One investor made $ 20 billion but lost it all in just 2 days

Little was known about Bill hwang Until this week when a business fiasco highlighted the $ 20 billion fortune he’d lost.

A Korean-American immigrant who was once a protégé of Tiger Management’s founder Julian Robertson, Hwang ran his own fund called Tiger Asia Management. In its heyday, the company reportedly amassed more than $ 10 billion in net worth Bloomberg.

One investor made $ 20 billion but lost it all in just 2 days
One investor made $ 20 billion but lost it all in just 2 days

Soon after, however, Hwang was the subject of an investigation by the US Securities and Exchange Commission, which accused him of using confidential information from private placement offers to short three stocks in Chinese banks. After Hwang settled the claims and paid more than $ 60 million in fines and refunds, Hwang closed Tiger Asia and opened Archegos as a family office.
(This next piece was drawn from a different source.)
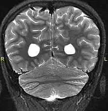Aside from the physical characteristics of the eyes there is also less sensation in the eyes when stimulated.[4] The eyes also show low motor control (ataxia).[4] Along with ataxia comes a lack of coordination or ability to judge the distance of objects (dysmetria).[6] MRIs show a constant feature of rhombencephalosynapsis–a condition marked by the absence or partial absence of the cerebellar vermis and varying degrees of fusion in the cerebellum in every case of Gómez–López-Hernández syndrome.[4][7][8] Also absent are the trigeminal nerve of the trigeminal cave and the foramen rotundum, causing abnormal sensations on the forehead and the corneas.[6][8] One Gómez–López-Hernández syndrome case in Japan also presents fever-induced seizures.[9] Others may or may not present with non-fever-induced seizures.[4] Malformations of motor centers in the brain cause reduced muscle strength (hypotonia).[8] Eleven of fifteen people in one study showed moderate-to-severe intellectual disability.[6] In cases where it has been noted, head nodding is present.[6] Hydrocephalus and enlargement of the ventricular system is consistently present.[6] A reduced corpus callosum is present in some cases (agenesis of the corpus callosum).[6]

As mentioned BloombergA deeply religious man, Hwang often relied on his faith to explain Archegos’ portfolio, which consisted of investments in large technology companies such as Netflix, Amazon, LinkedIn and Facebook. And as his participation in his faith-based circle increased, so did his business. Despite Hwang’s previous work with the SEC, lenders like Credit Suisse and Morgan Stanley continued to work with him, while Hwang secretly and increasingly traded through swap deals, increasing his leverage on the same stocks as stocks like ViacomCBS and Discovery – which some of his banks hold him had exposed.
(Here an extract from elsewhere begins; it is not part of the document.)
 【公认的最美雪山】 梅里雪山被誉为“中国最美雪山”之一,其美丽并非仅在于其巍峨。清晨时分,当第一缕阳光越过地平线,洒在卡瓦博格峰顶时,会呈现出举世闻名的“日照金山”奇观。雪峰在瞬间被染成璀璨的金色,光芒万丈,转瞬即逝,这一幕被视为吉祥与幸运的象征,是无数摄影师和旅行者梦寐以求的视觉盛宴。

By 2017 Archegos had a capital of around $ 4 billion. A few years later, Hwang grew his net worth from $ 10 billion to $ 50 billion New York Post.

But things went south last week when ViacomCBS, which Archegos had gambled massively at in four months and tripled its shares, collapsed its $ 3 billion stock offering through Morgan Stanley and JPMorgan, it reports. CNBC. This in turn caused some runners to frantically rush out of their positions for Archegos. While Morgan Stanley, Goldman Sachs, Deutsche Bank, and Wells Fargo got away with it relatively unscathed, others, including Credit Suisse, Nomura, and Mitsubishi UFJ Financial Group Inc., were less fortunate. According to CNBC, Nomura lost an estimated $ 2 billion.

In total, the Wall Street banks that worked with Archegos have liquidated $ 20 billion worth of assets.

“This is a challenging time for Archegos Capital Management, our partners and employees,” Archegos spokeswoman Karen Kessler told the network after one of the largest and fastest financial losses in history. “All plans are discussed while Mr. Hwang and the team determine the best way forward.”